Yeah. I guess, in understanding images you might call it visual reasoning, like even to just take a program to understand what it means to execute that program over the image. This is a nontrivial problem, but it’s more of a vision problem than an NLP problem. And the reason that we as NLP folks are interested in this is because we want to know how do people express these programs or this abstract computation or whatever in language in a way that we can understand it and know what it means, how it corresponds to the visual reasoning that’s more of the vision problem. Is that fair?
Yeah. So, so if to go is to go back to your example of a program. So I won’t say it’s only a vision problem because there are other aspects of high level reasoning depending on how you, you know, what’s the learning problem, you know, if you have a program you want to learn what are the, each of the operators are doing, there might be some aspects of planning. So it potentially goes above vision, but for a natural language perspective, it covers half the problem, but it doesn’t cover the whole problem. So when we talk about visual reasoning, at least in my group, we have this, we talk about natural language, visual reasoning because this natural language aspect is for us at least very critical.
I think we’ve got a good enough handle of what exactly the range of things we’re talking about are we want situations where we’re connecting natural language with vision in some non-trivial kind of settings.
Yeah. And this can start with very simple examples. So you can say something like, “There is a blue umbrella.” That’s a very simple example. You have an existential, you have an adjective modifying a noun. You basically, all you have to do is just find the umbrella line and validate its, its color. And it can be more complicated. So you can say something like, “There are five umbrellas, three on the rack and two held by people, one of those is half open.” This is much more complicated. I think that at least for current models, it’s very challenging, but it’s the same problem, on the other end of the complexity range.
Yeah, definitely. And I want to dig more into that. I think we should talk about specific data sets first and maybe I think that was a reference to your most recent natural language, visual reasoning two or squared or however you say this dataset.
Yeah, I don’t think it’s an example from them. It’s just an example I came up.
related to that.
But this is kind of thing that we have been trying to emphasize and express in recent work.
So do you want to describe this data set and then I want to dig into some details?

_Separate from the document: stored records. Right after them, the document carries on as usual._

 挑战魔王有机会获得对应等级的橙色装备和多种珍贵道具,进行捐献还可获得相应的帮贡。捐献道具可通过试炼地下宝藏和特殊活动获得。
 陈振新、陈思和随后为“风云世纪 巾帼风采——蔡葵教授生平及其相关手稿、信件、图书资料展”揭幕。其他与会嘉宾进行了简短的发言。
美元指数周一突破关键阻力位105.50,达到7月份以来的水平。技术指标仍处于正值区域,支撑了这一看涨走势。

Yeah, so about a year and a half ago we had this data set called natural language for visual reasoning and NLVR. And this data set basically was really focused on trying to get more broader coverage of semantic phenomena. The data set was based on synthetic vision. So we could create, we could create a highly controlled visual stimuli. And the Alane Suhr, my students put a lot of effort and creativity in creating, in building an environment that will elicit very specific kinds of natural language descriptions. And then we had this data collection process, which I won’t get into too much detail, but the goal of the data collection process was to collect natural language descriptions and pair them both with images where that are true and images that are false. So you have a relatively balanced data set where each sentence appears with images for which it is true and with images for which it is false and because of how the visual stimulates constructed it rules out the type of simple examples that I’ve shown. So examples like “there is a blue triangle” are unlikely to be discriminative, as required in the data collection process. So you get, you get more complex and natural language statements.
Right. And one drawback of that dataset was that it had synthetic images and you recently released a new one that has natural images, right?

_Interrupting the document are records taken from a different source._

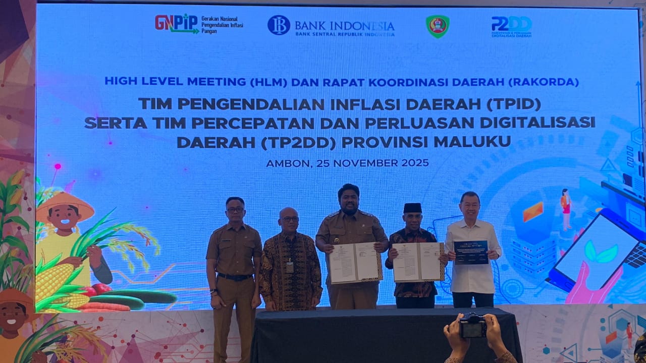 TRISULAMALUKU.COM, Ambon – Kepala Bank Indonesia Provinsi Maluku, Muhammad Latief, menegaskan pentingnya sinergi lintas sektor untuk menjaga stabilitas harga dan mendorong percepatan digitalisasi daerah menjelang Hari Besar Keagamaan Nasional (HBKN) Natal 2025 dan Tahun Baru 2026. Hal itu disampaikan dalam High Level Meeting (HLM) dan Rakorda TPID–TP2DD yang digelar di Swiss-Belhotel Ambon, Selasa (25/11/2025).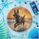 Prato De Papel Sandy Paws Cachorro Malinois Belga em Beach Sunset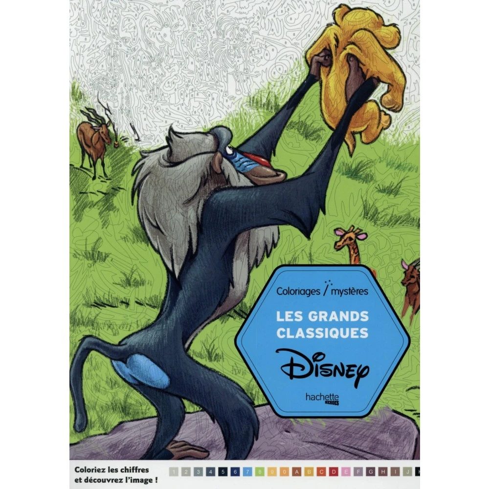 Des coloriages (100 scènes à colorier) sur des scènes mythiques des dessins animés Disney, à réaliser grâce à des codes couleurs.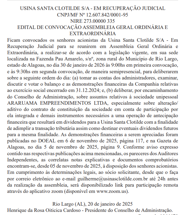 - Ficam convocados os senhores acionistas da Usina Santa Clotilde S/A – Em Recuperação Judicial para se reunirem em Assembleia Geral Ordinária e Extraordinária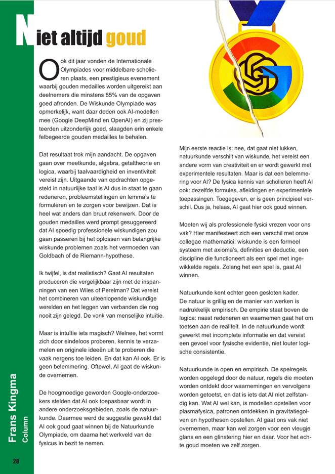 De opkomst van kunstmatige intelligentie roept vragen op over de toekomst van ons vak: is er nog een perspectief voor de natuurkunde? Daarnaast is er het aloude fenomeen: bedrog. Of het nu in de propaganda, letterkunde of wetenschap is, misleiding is van alle tijden en zal ons wellicht nooit meer verlaten.

Yeah. So one problem, it’s a major deficiency of data set. It has synthetic images. Now you would say, okay, we are natural language people. We don’t care about vision. But actually it also influences the kind of language you can get. So it had a tiny vocabulary of slightly over 200 words. And the reason for that is because it was a very synthetic environment. So we thought, okay, well let’s go and just apply this process to a real image and then we can collect similar data with the same properties, linguistic properties, just with real images. That was our starting point. It proved to be a much more complicated. And one of the first things we bumped into is that actually, you know, when we generate images, we can easily control what the visual stimuli look likes. So we can easily control. So if we want certain type of language, we can manipulate the environment in a specific way in really images it’s impossible. We can’t generate images in a reliable way that will allow us to control them in such a fashion. So we had to figure out a way to collect images that will support the kind of reasoning we wanted. So we started by collecting a large set of images that if aligned with ImageNet synsets so you know, so you can use a previous smallest to initialize whatever model you have. Then we filtered these images according to some criteria of interestingness that we defined. And then we paired them together, to pairs of images and we ended up showing to people sets of pairs of images and we ask them to compare and contrast between pairs.

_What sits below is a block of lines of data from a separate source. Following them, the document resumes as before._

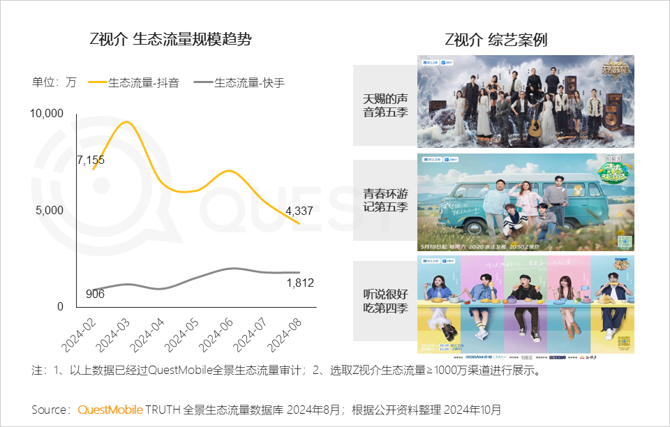 3、Z視介推出音樂類、真人秀綜藝,節目中明星云集,吸引廣泛的受眾群體,促進生態流量-抖音、快手用戶活躍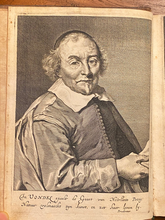 J. V. Vondel, 1. Joannes de boetgezant, 2. Koning Davids Harpzangen, 3. Brieven der heilige maegden, martelaressen, 4. De vaderen, 5. De heerlyckheit der kercke. Amsterdam, By de weduwe van Gysbert de Groot, 1696-1723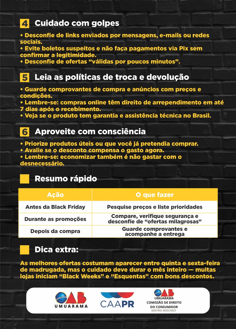 A Aciu (Associação Comercial, Industrial e Agrícola de Umuarama) firmou parceria com a OAB para divulgar esse material informativo entre os associados. Embora as maiores promoções da Black Friday estejam reservadas para o último fim de semana de novembro, ao longo do mês, muitas lojas oferecem descontos em diversos produtos.

That’s really interesting. So would you get an example as complex as the one that you mentioned earlier, like “There are four people sitting on a bench with three umbrellas and one of them is half open,” something like that.
Okay. So maybe I should should’ve done my homework a bit better and prepared a few examples from the data. This specific example, I don’t know. But you do get the stuff like you know we have an example in the paper that’s kind of like, let me paraphrase from memory examples like you have a set of items like in the paper it’s acorns and there is a specific background and two of these items are in specific orientation to one another so there are their backs are facing to one another
And so I would get a positive example with a particular image and a negative example with another image. Like I’m just trying to understand what biases you get because I only have yes, no labels. Am I going to get odd distributions with like overly complex stuff like I don’t even know how to express this very well. If we run with this like two umbrella example. If I just changed two to three what we’re really testing is can the model count like this is, this is getting into some complex semantics and it seems hard to test with just yes, no questions. I don’t know if I’m phrasing this very well.
So what you’re going to get at the end is, you’re going to take this sentence and this sentence is going to be paired with four pairs of images, for two of the pairs It’s going to have the label false and for two of the pairs it’s going to have the label true. So the goal there was to create a data that is relatively robust to linguistic biases. So something that happened in VQA for example, is that people tend to, certain things that people tend to describe are always false. There are the things that are always true and neural networks apparently are pretty good at picking up on this biases. And although for humans it’s actually potentially a bit more difficult. So once you are a bit more robust to these a language biases, then it starts to become a dependent on more complex reasoning.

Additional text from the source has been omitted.